- Origin: Oakland, California, U.S.
- Genres: Pop, R&B
- Years active: 2010–2012
- Past members: Kehlani Parrish, Dylan Wiggins, Jaden Wiggins, Dillon Ingram, Denzel Merritt, Ali-Khan Lochin

= PopLyfe =

American pop group

PopLyfe (also stylized in all caps) was a teen pop band from Oakland, California, that was a contestant on season 6 of America's Got Talent. They finished in fourth place on the show after performing a medley by Queen in the finals.

The band's members were Kehlani Parrish, Dylan Wiggins, Jaden Wiggins, Dillon Ingram, Denzel Merritt and Ali-Khan Lochin. They have featured various musicians and vocalists, including Zendaya, Gabi Wilson, Cole Berliner, Jared Anderson and Chasity Hinson. On America's Got Talent, their performers ranged in age from 13 to 18. Both Dylan and Jaden Wiggins are sons of producer D'wayne Wiggins, a member of Tony! Toni! Toné! and Poplyfe's producer. Lochin is a cousin of the Wiggins brothers. Most of the group's members were students at Oakland School for the Arts.

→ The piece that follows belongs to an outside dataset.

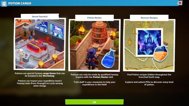To complement the new expedition mechanics, there’s also a new workshop where you’ll brew potions to help with expeditions. These potions heavily impact your fantasy expert’s stats, giving you a more favorable expedition run when you use the right potions.

Poplyfe toured with Disney's Shake It Up star Zendaya on her Swag It Out Tour.

Member Kehlani Parrish left PopLyfe soon after the end of America's Got Talent due to several managerial and contractual disputes, with the rest of the band officially disbanding in June 2012. In July of that year, Parrish briefly toured with Ingram and Merrit under the name Contraband.